Input: STL_model: List of triangular faces {Facei:(PointAi, PointBi,PointCi)}
P: The endpoint of the streamline in an ingate of the source part’s process
T: The threshold of distance
Nsource: The normal vector at point P.
Hsource: The mean curvature at point P.
Ksource: The Gaussian curvature at point P.
1: Initialize List Centers=[]
2: Initialize Dictionary Face_Map={}
3: For Facei in STL_model do
4:  Calculate the center point Ci of Facei
5:  Centers.append(Ci)
6:  Face_Map[Ci]=Facei
7: End For
8: Build K-D Tree kdTree using Centers
9: The cluster of center points closest to P Ccandidate=kdTree.rangeQuery(P,T)
10: Initialize List Candidate_Point_Info=[]

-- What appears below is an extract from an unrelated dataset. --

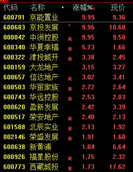 房地产板块反弹,中洲控股、京能置业等涨停。

11: For Ci in Ccandidate do
12:  Facei=Face_Map[Ci]
13: Calculate the projection point Pi of P on the Facei plane
14: If Pi is outside of Facei then
15: Choose the vertex of Facei that is closet to P as the new Pi
16: End If
17:  Candidate_Point_Info.append(Pi,Facei)
18: End For
19: Initialize min_total_error=
20: Initialize Poptimal=None
21: For (Pi,Facei) in Candidate_P do
22: Approximate the normal vector Ni of Pi by the normal vector of Facei
23: Compute the mean curvature Hi and Gaussian curvature Ki at P using barycentric coordinate interpolation
24: Substitute Nsource, Hsource, Ksource, Ni, Hi, Ki to calculate the total error Erri using Equation (1)
25: If (Erri<min_total_error) then
26:  min_total_error=Erri
27:  Poptimal=Pi
28: End If
29: End For
Output: The position of the optimal point Poptimal on the STL surface of the target part.